If learning is not in your body, you haven’t learned it… Those who believe that the mind trains the body have it backwards, it is the body that trains the mind.
(Jensen E.) (Footnote: Jensen, E. (2000). Teaching with the body in mind. The Brain Sore, San Diego, CA. )

Ever since Alois Alzheimer first described the disorder that bears his name, researchers are on a quest to find the cure and stop the rampage of this decimating illness. The syndrome characteristic to Alzheimer's and other neurodegenerative diseases is commonly referred to as Dementia. Dementia is, therefore, a group of symptoms specific to illneses which cause irreversible decline of cognitive functions. These brain deseases can affect memory, language, orientation, visual-spatial processing, attention, judgement, planning, behaviour, emotional control and personality. Neurodegenerative diseases are also called “progressive diseases”, due to their irreversibility. Dementia is commonly associated with Alzheimer’s disease which is accounting for 50-75% of cases (ABS, 2015) and it occurs most commonly in the elderly. According to Australian Bureau of Statistics there are 342,800 people living with dementia (2015) in Australia and the number is expected to grow.
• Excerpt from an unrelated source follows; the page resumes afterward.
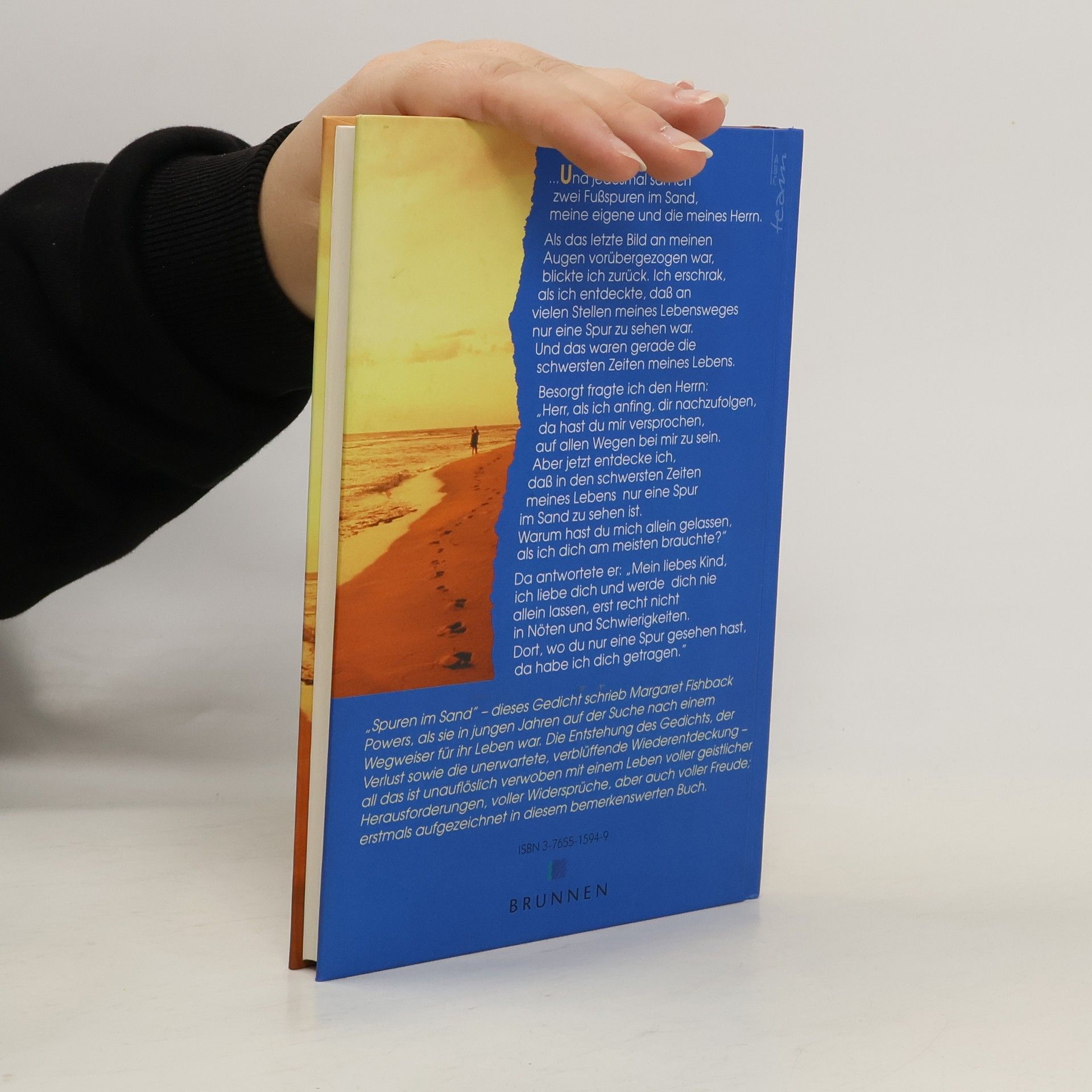 Dieses Gedicht schrieb M. Fishback Powers in einer tiefen Lebenskrise. Bevor sie an Gott und der Welt verzweifelt, bekommt sie die Antwort: „Mein liebes Kind, ich liebe dich und werde dich nie allein lassen, erst recht nicht in Nöten und Schwierigkeiten. Dort, wo du nur eine Spur gesehen hast, da habe ich dich getragen.“" Lesen Sie hier das Gedicht und seine Geschichte: Die Entstehung des Gedichts, der Verlust sowie die unerwartete Wiederentdeckung - als das ist unauflöslich verwoben mit einem Leben voller geistlicher Herausforderungen, voller Widersprüche, aber auch voller Freude.

The causes of neurodegenerative diseases, including Alzheimer's, remain a mystery. Despite decades of research, Alzheimer’s disease remains largely untreatable and incurable; even with billions of dollars invested and more than 200 anti-Alzheimer’s drugs developed no major breakthrough in its treatment had been developed. All current drugs are oriented on treating symptoms and have only modest effects. The hope is that any breakthrough in understanding Alzheimer's will help us understand all other major neurodegenerative diseases.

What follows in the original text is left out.